Estos eran sus temas prioritarios: Código penal único, el procedimiento abreviado, una campaña a nivel nacional sobre la inaplicación de la prisión preventiva oficiosa, sustentación plena constitucionalmente de la prisión preventiva justificada como medida cautelar para impedir que la libertad del imputado implique un riesgo para la procuración y administración de justicia; de la mano con visitas a las universidades con escuelas o facultades de derecho.
La prueba científica, la psicología del testimonio, los metaperitajes, el proyecto inocencia, las ciencias forenses y la crisis por la que actualmente atraviesan sus metodologías, el cumplimiento normativo conocido como compliance como esquema de regulación, gestión y supervisión para asegurar que las organizaciones cumplan con sus actividades ajustándose a las leyes y la normatividad ética aplicables; la responsabilidad penal de las personas jurídicas.
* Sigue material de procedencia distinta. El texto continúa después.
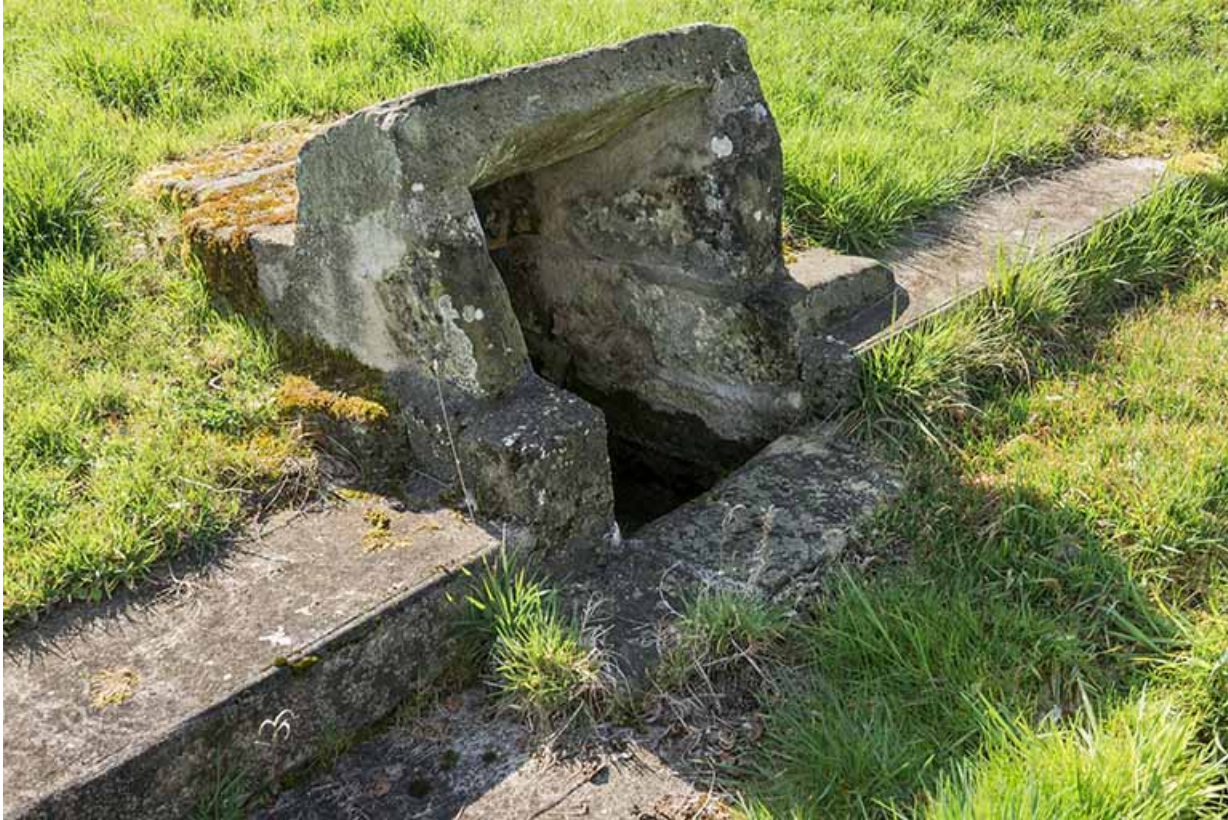
Fontaine d'alimentation du bassin.

Los estándares de prueba, el razonamiento probatorio, el análisis de los más de tres mil casos de presos veracruzanos que podrían —por las nuevas sentencias de la corte interamericana de derechos humanos contra México, y los criterios del poder judicial federal— obtener su libertad, al cambiarles la medida cautelar de prisión preventiva oficiosa; o por que algunos ya tienen más de dos años en prisión, procesados.
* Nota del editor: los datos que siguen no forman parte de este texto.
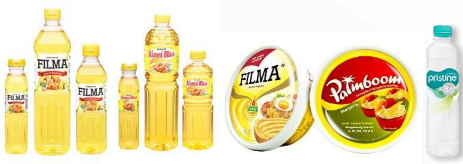
Gambar 2.2 Produk merek Sinarmas Agribusiness and Food

Sinarmas Agribusiness and Food mengelola berbagai fasilitas untuk produksi kelapa sawit. Sinarmas mengoperasikan 16 pabrik kelapa sawit yang mengolah buah kelapa sawit menjadi minyak kelapa sawit mentah. Selain itu, perusahaan memiliki 4 pabrik pengolahan inti sawit yang bertugas memisahkan inti atau biji kelapa sawit dari buahnya [7]. Untuk meningkatkan kualitas minyak kelapa sawit, terdapat 4 pabrik rafinasi yang mengolah minyak mentah menjadi minyak kelapa sawit yang lebih bersih dan murni. Selain itu, Sinarmas juga menjalankan 2 pabrik biodiesel yang mengubah minyak kelapa sawit menjadi biodiesel, serta 1 pabrik oleokimia yang mengolah kelapa sawit menjadi bahan kimia untuk berbagai aplikasi industri. Gambar 2.3 berikut menunjukkan rantai bisnis perusahaan [8]:
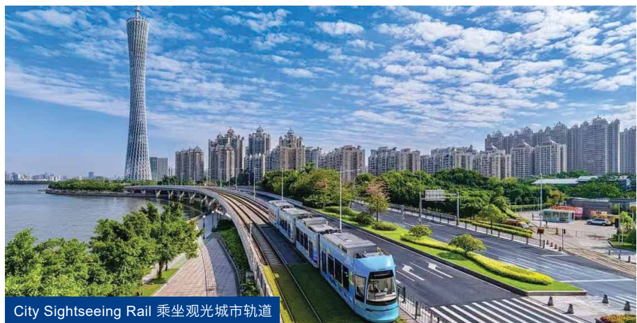
City Sightseeing Rail 乘坐观光城市轨道
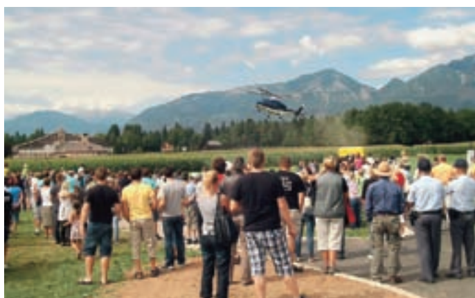
Predstavili so se nam policisti, gasilci, reševalci ...
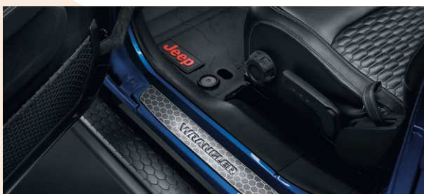
Seuils de porte en acier inoxydable Références : K82215395 (2p) / K82215396AB (4p) Prix TTC : 169 € (2p) / 269 € (4p) Surtapis caoutchouc Références : K82215202AD (2p) / K82215203AD (4p) Prix TTC : 229 € (2p) / 249 € (4p)

Para ello tuvo dos aliados en el Senado, Ricardo Monreal Ávila y José Manuel del Río Virgen, que compartían con el maestro Farías ese nuevo proyecto de justicia para México.
Ahora corresponderá al joven y talentoso vicepresidente Jorge Reyes Leo, dar seguimiento a estos temas y, a otros más para dar altura de miras que consoliden el sistema de justicia penal en México.
En la constante evolución del derecho penal, la revisión de los códigos penales sustantivos y adjetivos es una dinámica impostergable y compleja en la que los estudiosos de esta materia encontramos en el @CONAPMexico el mejor de los foros, criterios sobre un código penal único y códigos penales enfocados al pacto federal y sobre todo a la geopolítica e idiosincrasia del pueblo mexicano y, qué decir del Código Penal Federal y de los delitos previstos en la legislación mexicana; cito al doctor Ricardo Sodi: “Los delitos regulados en las leyes federales cobran cada día mayor importancia y complejidad y por eso requieren mayor atención y estudio por parte de los juristas, ya que resulta de fundamental relevancia distinguir entre un injusto de naturaleza penal y otro de tipo administrativo, distinguiendo la frontera entre el derecho administrativo sancionador y un derecho penal diseminado en toda la legislación federal. Aunado a ello, nuestro sistema federal ha absorbido nuevas funciones y atribuciones, en demérito de la competencia de las entidades federativas, por lo que la diversidad de materias que hoy en día se regulan en el ámbito federal provoca un fenómeno de dispersión legislativa del derecho penal e impide un conocimiento ordenado e integral de éste”.
Los trabajos que iniciamos con los juristas Farías, Reyes Peralta, et al, para una tercera edición del libro: Delitos federales previstos en la legislación mexicana continuarán.
Ad memoriam advocati.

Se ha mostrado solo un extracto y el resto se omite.